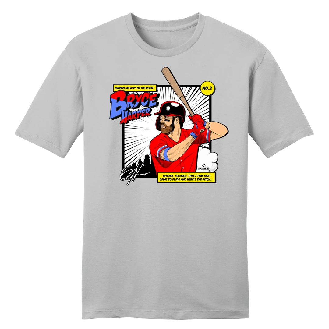 Hailed as one of the game’s all-time five-tool players (one who excels at hitting for average, power, base running, throwing, and hitting), Bryce Harper is a hero to Philadelphia fans. Get his official MLBPA apparel at In The Clutch
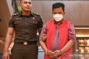 Petugas menggiring buronan Wayan Depa Yogiana (tengah) setibanya di Kantor Kejaksaan Tinggi (Kejati) Bali, Denpasar, Bali,Rabu (19/2/2025). Terpidana kasus penggelapan uang pemberangkatan calon pekerja migran Indonesia yang buron sejak Oktober 2024 itu ditangkap jajaran kejaksaan di Pelabuhan Internasional Harbourbay Batam saat akan memasuki wilayah Indonesia dari Malaysia pada Senin (17/2). ANTARA FOTO/Fikri Yusuf/nym.
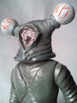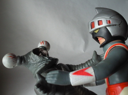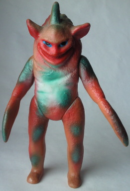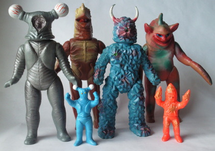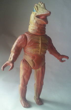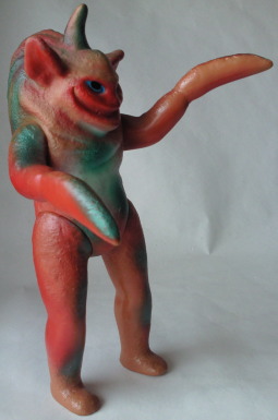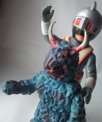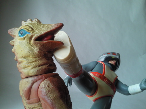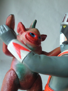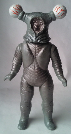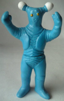 | ややこしい、と言えば、 巨大化後の敵、 つまり巨大な宇宙人は、ミニサイズ人形でしかソフビ化されていません。 等身大の宇宙人の人形より小さい、巨大な宇宙人の人形です(笑)。 |
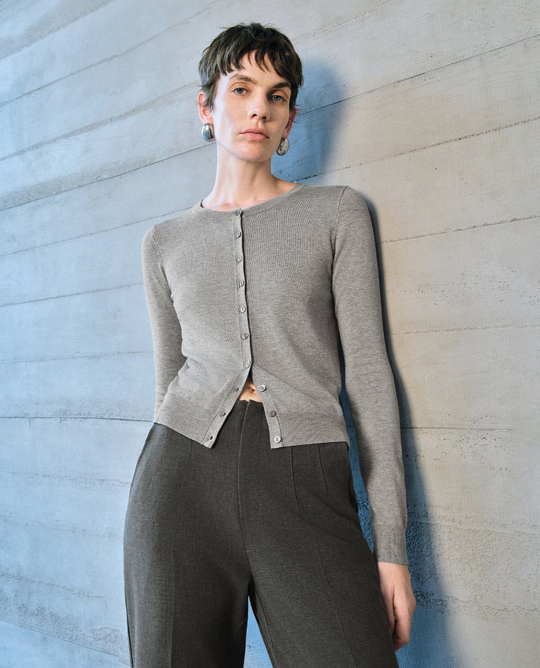 Áo khoác cardigan nữ cổ tròn ta dài phối nút hiện đại

- - - - - - -

> [THE PROBLEM] Here the job is to print the data above exactly, except for any pictures.

> [EXERCISE ANSWER]
 Hailed as one of the game’s all-time five-tool players (one who excels at hitting for average, power, base running, throwing, and hitting), Bryce Harper is a hero to Philadelphia fans. Get his official MLBPA apparel at In The Clutch
 Petugas menggiring buronan Wayan Depa Yogiana (tengah) setibanya di Kantor Kejaksaan Tinggi (Kejati) Bali, Denpasar, Bali,Rabu (19/2/2025). Terpidana kasus penggelapan uang pemberangkatan calon pekerja migran Indonesia yang buron sejak Oktober 2024 itu ditangkap jajaran kejaksaan di Pelabuhan Internasional Harbourbay Batam saat akan memasuki wilayah Indonesia dari Malaysia pada Senin (17/2). ANTARA FOTO/Fikri Yusuf/nym.
 | ややこしい、と言えば、 巨大化後の敵、 つまり巨大な宇宙人は、ミニサイズ人形でしかソフビ化されていません。 等身大の宇宙人の人形より小さい、巨大な宇宙人の人形です(笑)。 |
 Áo khoác cardigan nữ cổ tròn ta dài phối nút hiện đại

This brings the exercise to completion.